What kind of environment do you want to make for your tank? You're going for a Tang species tank, do you want to mix fish that you'd find naturally together, or do you want to just keep everything out of one lake?

Regardless of what fish you choose, I HIGHLY recommend getting jet-black sand (sand not pea gravel or anything) and white/light gray rocks. Black sand, by far, will bring out the color way better than anything else for Tanganyikan fish.


----------



## DJRansome (Oct 29, 2005)

You already have frontosa and it's your first tank? I'd probably stick with a species tank for a while and see how it goes.


----------



## Dno (May 13, 2008)

I would like to see alot of colour in the tank but also have a nice community of tangs. I would like some tropheus but iam worried about them grazing on the background n pulling it apart, id hate to see them chewing away my background n revealing the styro. I still would like some shellies because it is a deep tank i would like them to have their own patch in a corner. a few calvus for the mid water.

I do like the look of the (blue neon). How ever i have found that down here in Australia that Tangs are quite expensive here and hard to come by mainly because the majority of cichlids are new world n Malawi. if i could get my hands on some nice tangs n breed them i can sell them off to my LFS.

Any one have a similar sized tank setup for tangs and pics?

Cheers Dno.


----------



## triscuit (May 6, 2005)

Neither fronts or tropheus are good community tank species... they are best kept in their own tanks, with a few exceptions (gobies with troph, for example).

For a large community tank without fronts or trophs, you have a wide variety of choices. A large school of cyprichromis would go well with calvus and shellies. Color? Look at L. occelatus "gold" with inkfin A. calvus, and one of the jumbo species... blue orchid, tri-color, etc. There's still room for a small julidochromis species (not marlieri or regani). Avoid leleupi with shellies... unless you get one of the larger, meaner shellies.

Yes, it's expensive at first, but if you are successful in breeding, then you can likely make up most of your initial investment.
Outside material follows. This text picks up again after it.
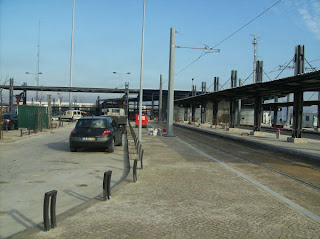 Foto 2 - Autocarros utilizando os carris dessa espécie de metro, para conseguirem chegar ao Terminal de Cacilhas.
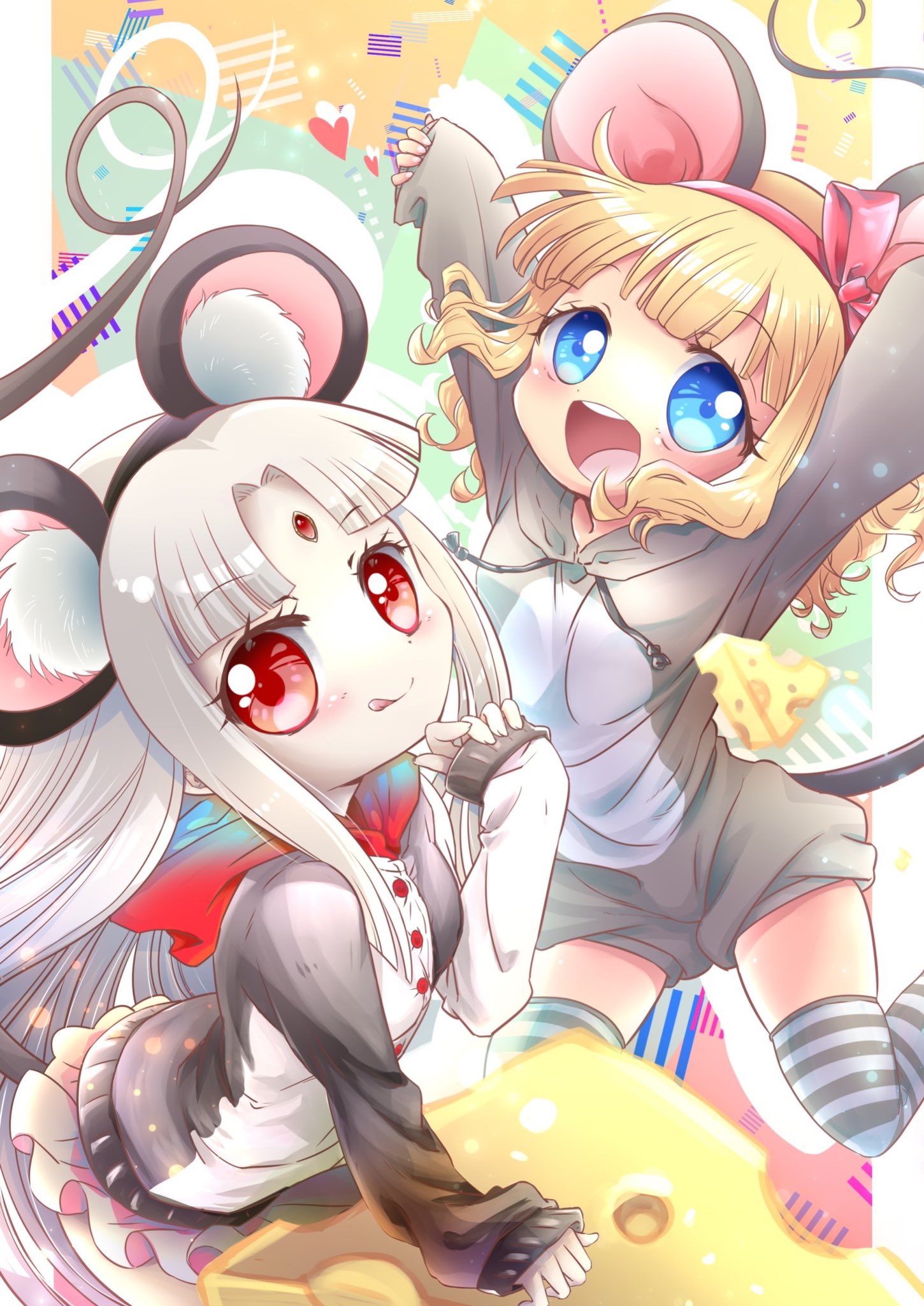 誕生日のお祝いに欲しいFAリストNo.61「十二支コスプレ:子 マリー&メリザンド」を描いて頂いたもの。二人のネズミコスがめちゃくちゃに愛らしすぎる!

Note of interest... if your goal is breeding, you would be better off with several smaller species tanks. Few if any fry will survive in the community tank.

Hope that helps...


----------



## Dno (May 13, 2008)

Hey Triscuit here is wat i was thinking i hope this should all go together well. Nothing too big

Enantiopus Melanogenys (kabogo) (maybe?)

Cyprichromic Leptosoma (large school)

Xenotilapia Bathyphilus "blue neon" (small to medium school)
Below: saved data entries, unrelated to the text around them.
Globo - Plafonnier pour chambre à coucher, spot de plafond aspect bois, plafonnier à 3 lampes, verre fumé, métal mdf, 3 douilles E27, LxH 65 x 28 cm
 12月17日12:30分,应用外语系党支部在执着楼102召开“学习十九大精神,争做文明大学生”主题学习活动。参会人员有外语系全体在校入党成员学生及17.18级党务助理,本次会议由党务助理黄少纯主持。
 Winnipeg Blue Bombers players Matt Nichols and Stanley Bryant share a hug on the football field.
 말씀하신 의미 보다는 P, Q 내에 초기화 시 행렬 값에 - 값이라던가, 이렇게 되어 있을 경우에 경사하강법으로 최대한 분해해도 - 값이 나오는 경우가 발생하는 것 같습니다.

Lamprologus Ocellatus "gold" (small group)

Altolamprologus sp "compressiceps shell" (5 or 6 untill i get pairs)

Altolamprologus Calvus "white" ( 4 or 5 untill i get a pair)

the substrate will be pool filter sand mixed with large river pebbles scattered about the place in small piles, shell piles at either end. As for breeding any pairs that i have form will be removed n placed n their own tank.

Cheers Dno


----------



## Dno (May 13, 2008)

I just did a search for Cichlid sellers in aus n there is one place in sydney that is selling ocellatus gold for $42 each. There is no way in **** i'll pay that much for a shelly. its ridiculous the price of tang cichlids are over here.


----------



## DJRansome (Oct 29, 2005)

The occies, altos and cyps are compatable in that size tank, can't comment on the others. Only get one species of alto however as they crossbreed.


----------



## Darkside (Feb 6, 2008)

You can easily keep six Alto "sumbu" together in that size aquarium, regardless of sex.


----------



## CichlidWhisperer (Apr 12, 2008)

OMG... $42 a gold occie? are they wild caught or something???? I paid $9 a piece for mine and I think that is about the going price. Wish I could send you some fry.... If you come to the US you could take some home with you....


----------



## Longstocking (Aug 26, 2003)

Tropheus shoudn't eat your background... but I wouldn't combine them with frontosa.

From what I've heard, all tangs are expensive in Australia.


----------



## F8LBITEva (Nov 9, 2007)

thats a beautiful tank and I love the woodwork. :thumb: good luck.


----------



## Dno (May 13, 2008)

Longstocking said:


> From what I've heard, all tangs are expensive in Australia.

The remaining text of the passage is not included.